From the patron standpoint, the problem here is three-fold. First, name another product or service that announces after it’s won a new customer that they underbilled you and you’re not welcome back until you fork over more dough for the first time.
Then there’s kind of a “class” issue. From a day-to-day mathematical standpoint, the most valuable customers would seem to be those paying for the fanciest orchestra and lower-balcony seats. But from a long-term strategic standpoint, arguably the most valuable customers are in the top balcony levels paying the cheapest seat prices. It’s those largely younger and more diverse sets of people developing the habit of opera-going that form the sustained financial basis of the Met’s survival, provided they’re not lectured that they’re not pulling their weight.
Finally there’s a basic strategy issue. The Met’s goal with any new patron should have been to get them to tell five friends about how exciting it was to attend the opera and bring them all the next time. The funny thing is that the Metropolitan Opera has a lot of advantages and assets to sell in service of this strategic goal if they would stop trying to make their operating deficits the customers’ problem.
The seating in the theater is more comfortable than in the typical Broadway theater, where the audience rows are often jammed up against each other. There’s no chance of missing the story in an opera because of the English titles on the seatbacks in front of you, compared to Broadway’s blasting of amplification that often seems disconnected from whoever’s singing or speaking on stage.
And the opera intermissions are longer and can be more of a party, especially at the upper balcony/bar level that inevitably attracts a fun crowd on La Bohème nights, compared to the rushed crush of bodies in a Broadway intermission that always ends in a mad scramble back to the seats for Act 2.
From the company standpoint, the dialing-for-extra-dollars strategy misunderstands the nature of building a customer base. Noted San Francisco-based orchestra consultant Aubrey Bergauer calls it a “scarcity mindset” that seems related to a weird insecurity that infects classical music organizations throughout America about getting and growing audiences.
Making essentially the same extra demands of every opera newbie that should be reserved for Mr. and Mrs. Moneybags of four decades’ patronage interferes with the proper “viral mindset” about audience development. In that mindset, new patrons are encouraged to post their own social media posts and engage in the same enthusiastic bar-talk and watercooler-talk about opera that they might about sports, rock concerts, or other recreational activities.
In my performing life I’m a theater musician and music director in the Washington area. I often suggest to actors, techies and theater fans here that when they travel to New York, they squeeze in one trip to Lincoln Center between the astonishing number of Broadway shows that these people can manage to attend over one long weekend.
One time an actor friend of mine did just that and took his family to see an opera at the Met. Upon returning home to Washington he almost immediately got a telemarketing call demanding that he make up the gap in the Met’s expenses in putting on that opera.

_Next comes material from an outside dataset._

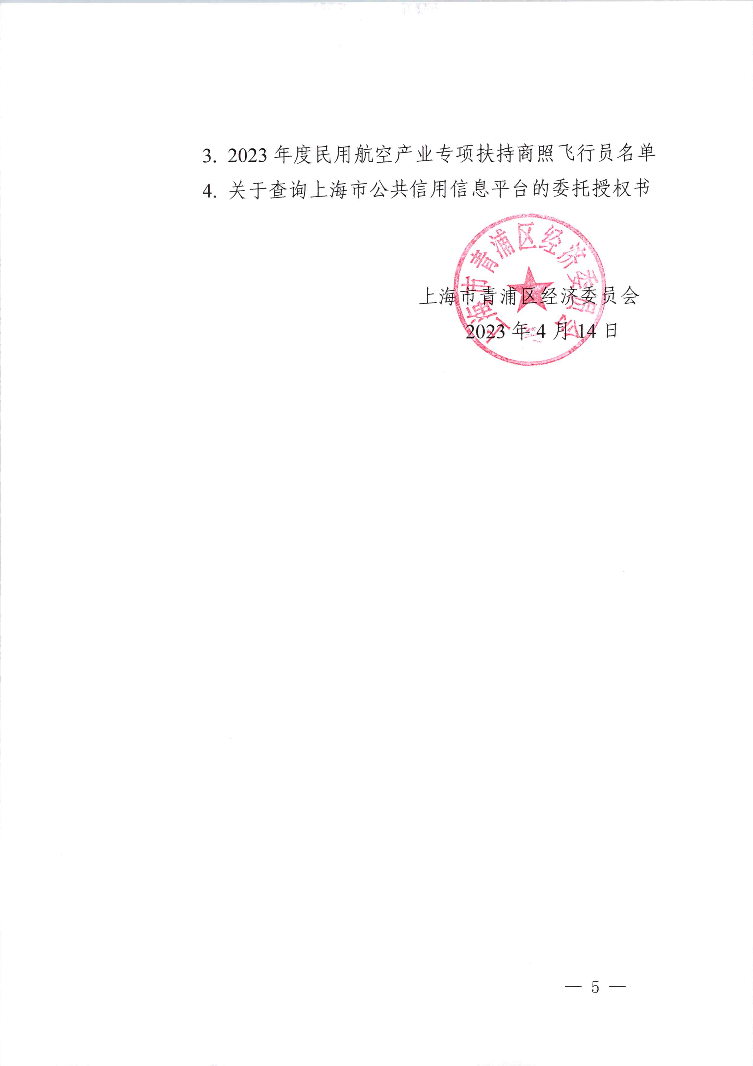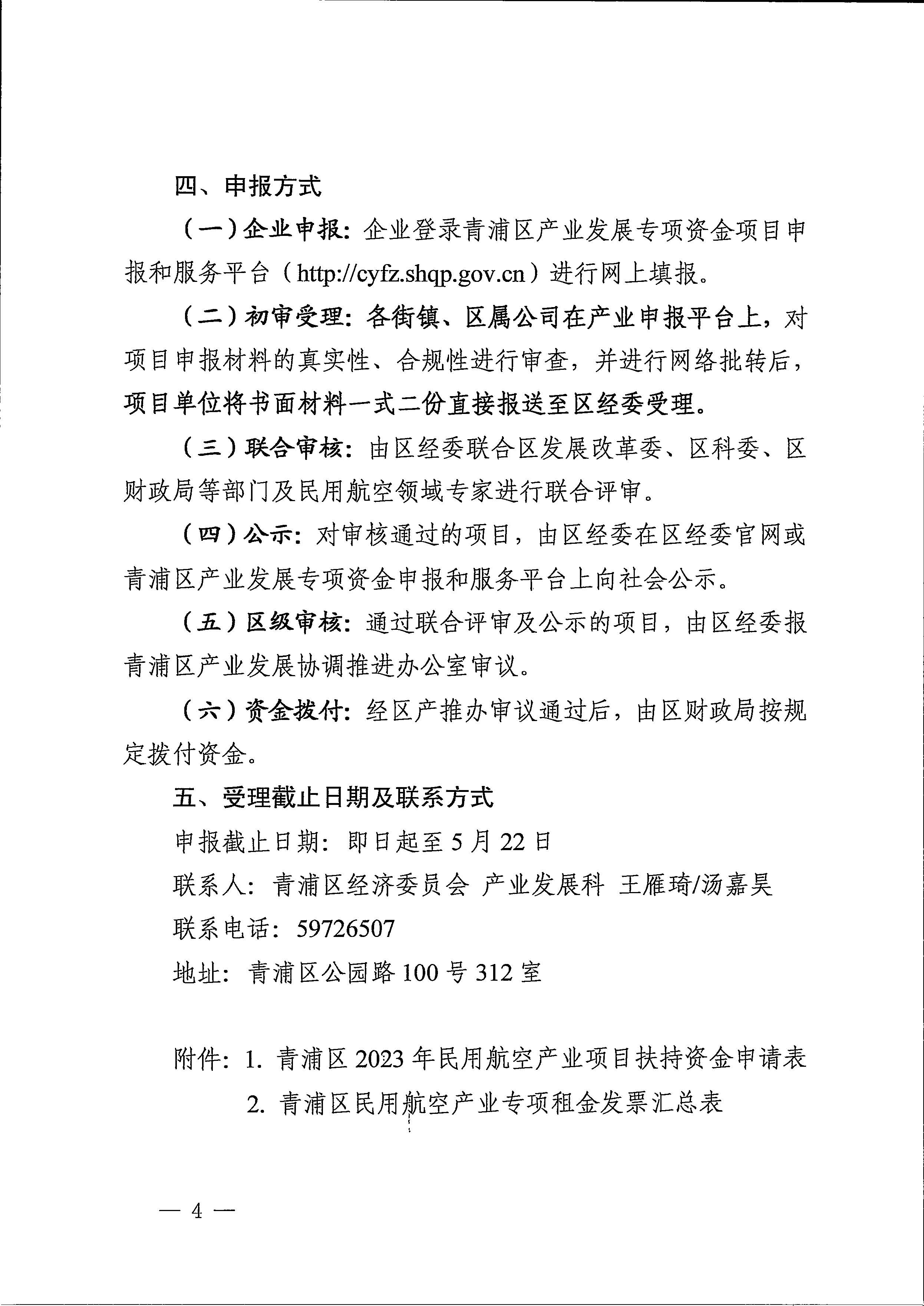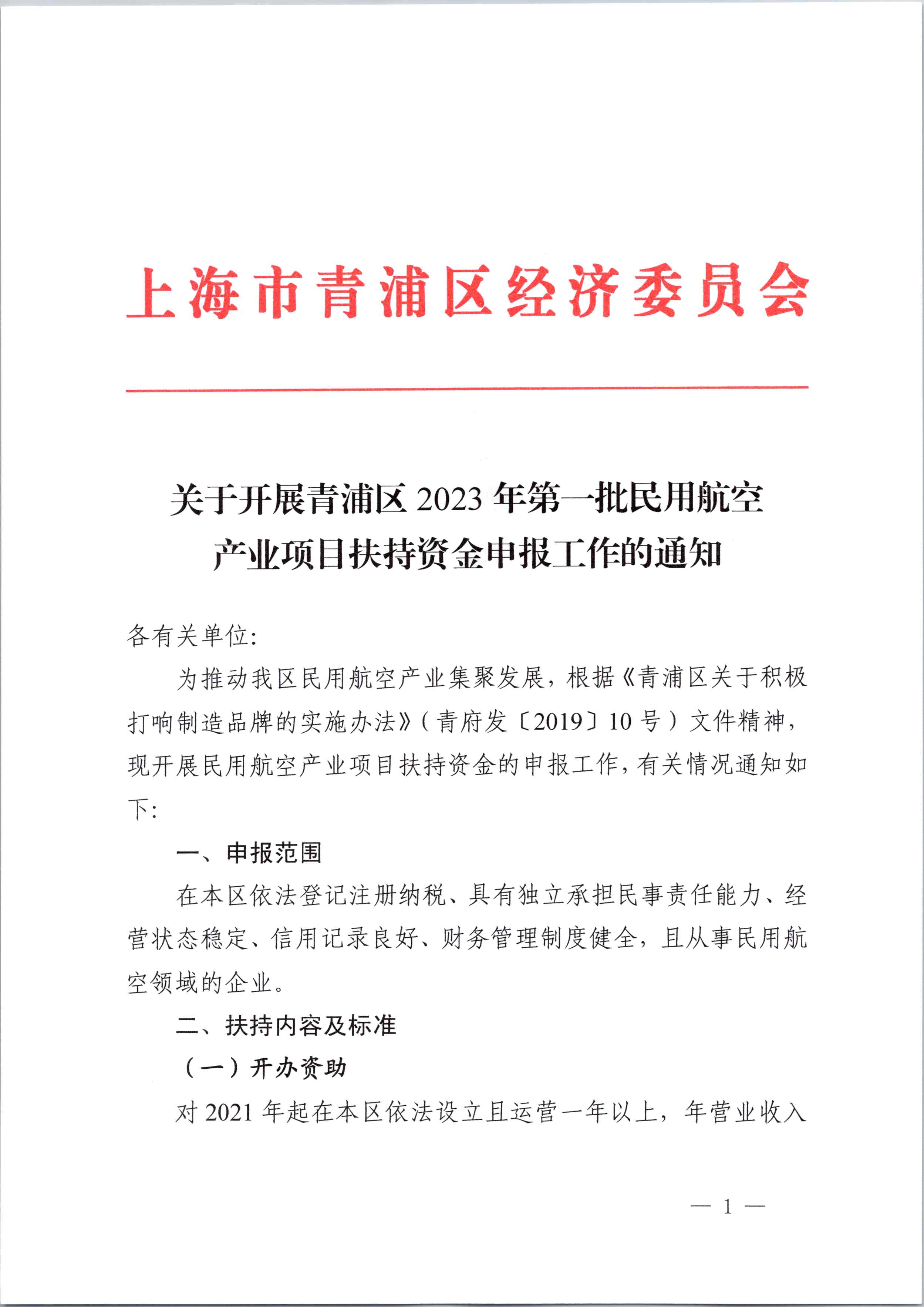 关于开展青浦区2023年第一批民用航空产业项目扶持资金申报工作的通知

He was so disgusted that he announced on Facebook that he was never going to the Metropolitan Opera again.
In reality, no amount of temporary extra dollars raised from those who acquiesce to the telemarketing pitches can change the fundamental dynamics of the 85%-65% attendance swing between success and failure for high-cost operations like airlines, hotels, and prestige opera companies. Dialing for dollars may be a skill that some sellers of products and services profitably employ. But when it comes to deepening a level of patron loyalty that would get a major cultural institution out of a pandemically induced shutdown, it’s done more harm than good. In preparation for the next crisis, it might be best to lay off the phone lines unless you really just want to talk about opera.